We all know that it is almost impossible for children and teachers to avoid picking up one of the many bugs, viruses or other conditions that start circulating as soon at the new term starts. It seems that no one can escape, with parents and grandparents often finding themselves also under the weather.

From head lice and rotavirus, to stomach upsets and cold/flu symptoms, there are many self-treatable conditions that can hit families hard when autumn comes. Who do they turn to for advice?

Community pharmacists are a key part of the healthcare system, offering parents advice on how to prepare for the new term ahead and which OTC medicines they should have at the ready to self treat these conditions when they strike.  As we know, this is a vital service, which helps to reduce unnecessary visits to the GP.

Adults usually have two to four coughs and colds annually, but a child can have up to 10 colds a year because their immune system is still developing.  The cough, cold and sore throat category showed a 16 per cent value growth in 2014/15, due to a strong winter cold and flu season and high demand for products that help manage those symptoms.  The category is a key contributor to the overall value of the consumer healthcare market, which currently stands at nearly £2.5million and has grown by 2.3 per cent since last April.

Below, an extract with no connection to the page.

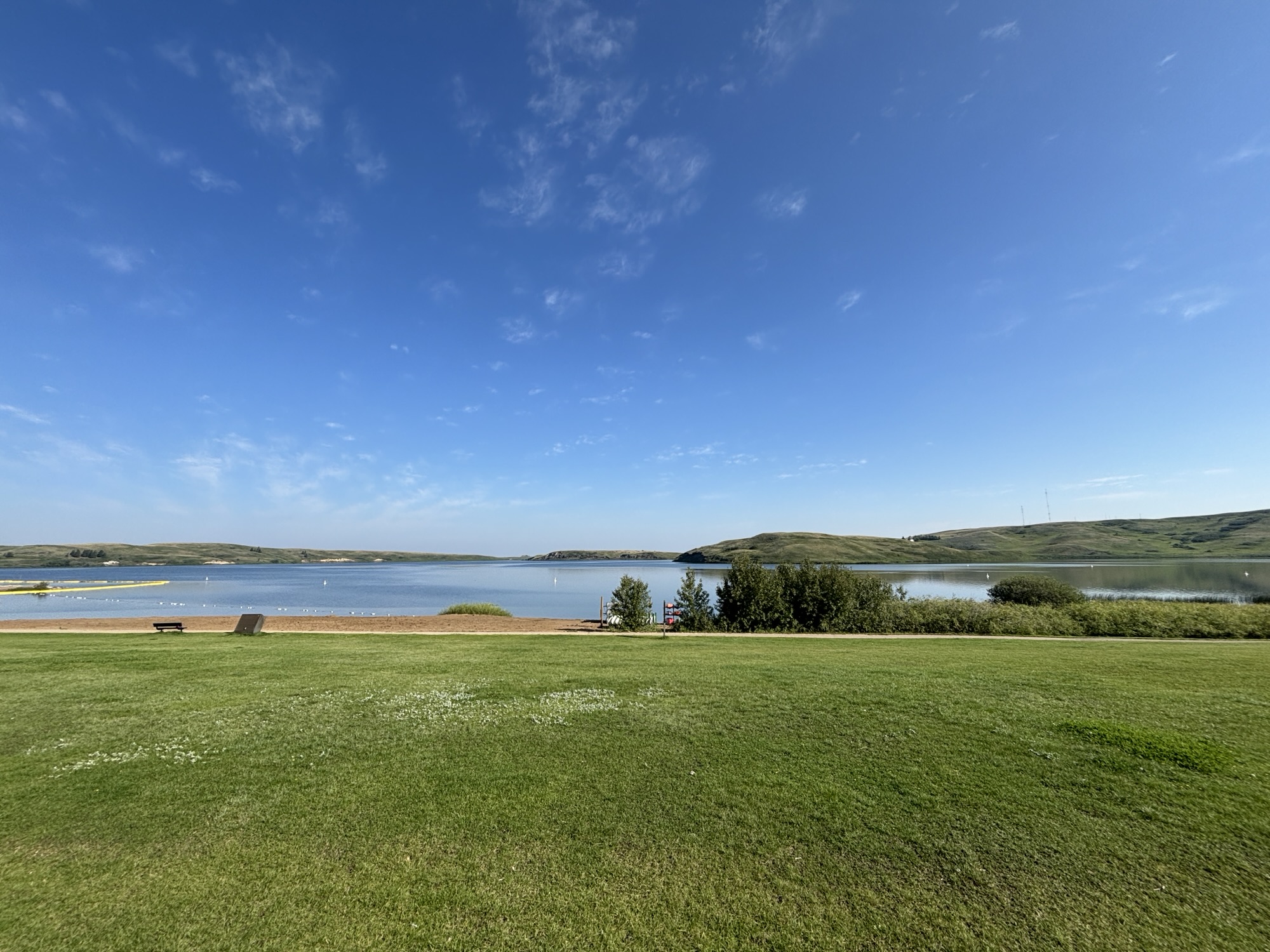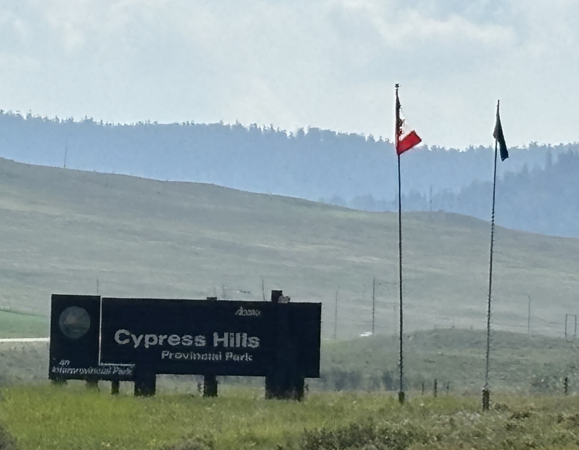 Our destination was Cypress Hill Interprovincial Park in Alberta. This is an interesting park because it crosses the two provinces. As the girl at the park office said, we are like stepchildren who don’t talk to each other. We got to the park, but the signage was very confusing and there were about 10 different campgrounds and RV parking areas. We got turned around, missed the turn, and had to back track. We even called the office and got directions and were still confused. But we finally found our spot and relaxed. It was in a nice area and had full hooks again. But the Jeep had a dead battery, and our portable battery backup came in handy again. Lesson learned, she has added checking the lights to her checklist when she puts the Jeep in neutral to get it ready to tow!

Providing customers with easy to navigate back-to-school sections in community pharmacy, with relevant point of sale and prominent window displays during August and September, will help remind parents and carers that preparation is key when it comes to the management of back-to-school self-treatable conditions.

Many parents worry about whether they should keep their children at home or send them to school when they are ill. Pharmacy teams should be prepared to ask appropriate questions and offer advice to help them to make that decision. For example, does the child seem well enough to carry out the usual day-to-day activities they would at school, or is their condition serious or contagious enough to be passed on to classmates or teachers?  Helping people to make such decisions will add to their self care skills and knowledge for managing coughs and colds.

Highlighting the availability of products, giving advice for back to school ailments and communicating the principles of self care to parents is an important service that community pharmacy offers families as the first port of call.